Regardless of one’s age, it is general knowledge that planning ahead, and as early as possible, for a future of financial security is important. This rule of thumb is especially significant when it comes to finding the best place to buy a home and settle into this stage of life.
To help the population of retired Americans find the right city to spend their golden years, WalletHub released 2017’s Best and Worst Places to Retire report, which compares the 150 most populated cities across four key dimensions, including affordability, activities, quality of life, and health care.
With cost being a significant factor in retirement, the analysis assumed retirees would rely on a fixed income, so the lower their expenses; the better retirees will find a particular city a suitable market.
According to, Mariette O’Malley, Partner at O’Malley & O’Malley, LLP and Contract Professor for Dalton Education LLC and one of WalletHub’s industry experts, financial differences between a retiree’s home state and another state is the number one factor most of her clients ask her to assess.
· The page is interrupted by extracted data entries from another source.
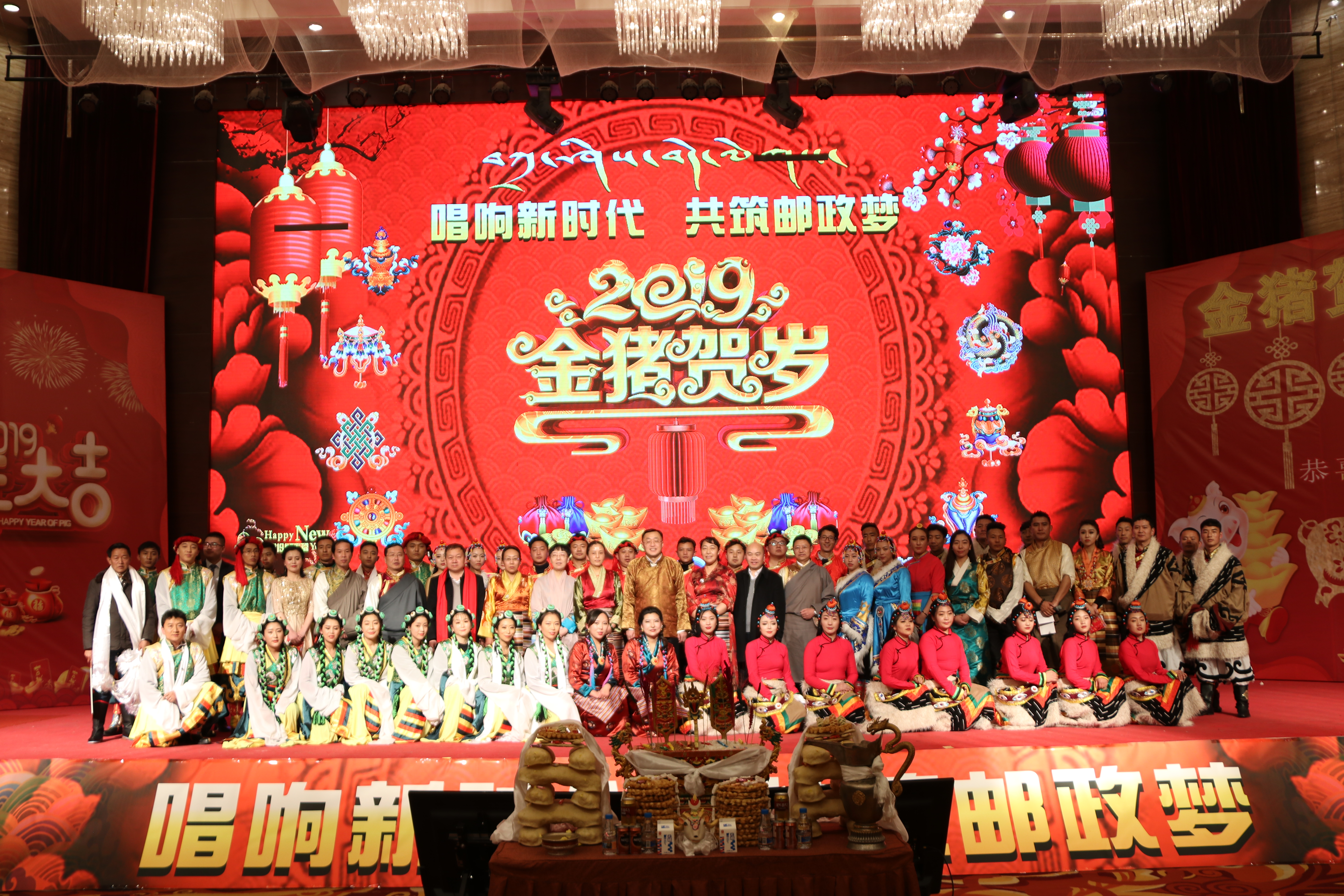 1月24日,在2019年新春佳節(jié)及藏歷新年即將來臨之際,中國郵政西藏分公司、郵儲銀行西藏分行、區(qū)寄遞事業(yè)部、拉薩市分公司聯(lián)合舉辦以“唱響新時代 共筑郵政夢”為主題的春節(jié)、藏歷新年聯(lián)歡晚會。出席本次聯(lián)歡會的有區(qū)分公司全體班子成員、郵儲銀行在家班子成員、區(qū)寄遞事業(yè)部班子成員及區(qū)分公司機關部室全體干部職工、其它單位三級副以上領導。會議還邀請了拉薩郵政單位的部分勞模代表和退休老職工,共計200余人。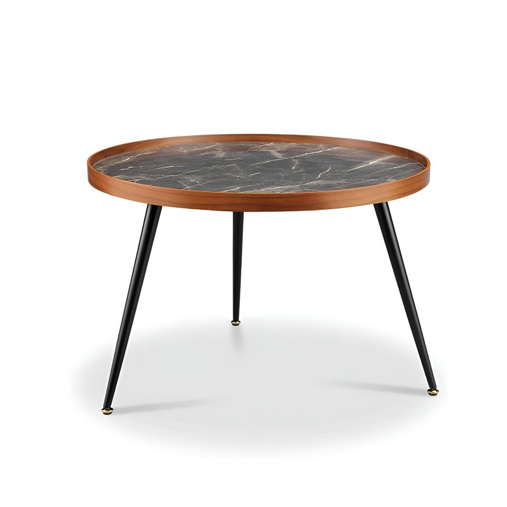 Siena Round Coffee Table - Walnut and Black Marble - JF328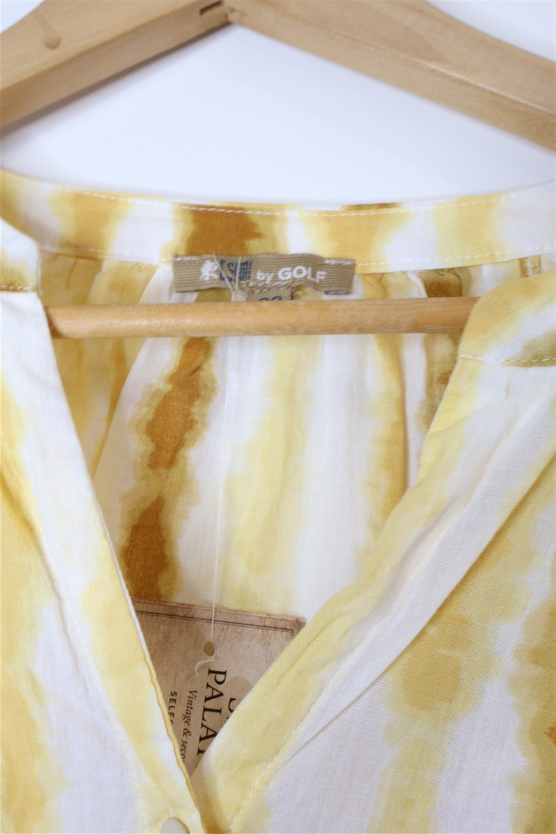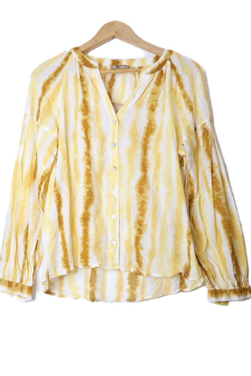 חולצה מכופתרת מבד  טבעי ומעוצבת בצבע צהוב בסטייל כתמי צבע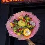 Клубника - 10 шт. Киви - 2 шт. Апельсин - 2 шт. Голубика - 10 шт. манго - 1 шт. Питахайя - 1 шт. Виноград гроздь - 1 шт. бананы - 5 шт.

“Retirees often think that moving to a new place—a warmer climate, nearer the children—will make for a happier retirement, but the relocating is costly, especially if you choose wrong,” she said.
So which cities ranked at the top for this growing population of relocating homebuyers to consider?
It doesn’t seem surprising that cities in the Sunshine State earned the top three spots on the list. Orlando, Tampa, and Miami, Florida rank as the first through third destinations for retired homebuyers to consider.
Following in chronological order is Scottsdale, Arizona, which ranked as the city with the highest percentage of the population aged 65 and older. Next are the cities of Atlanta, Georgia, Salt Lake City, Utah, Honolulu, Hawaii, Denver, Colorado, Austin, Texas, and Las Vegas, Nevada.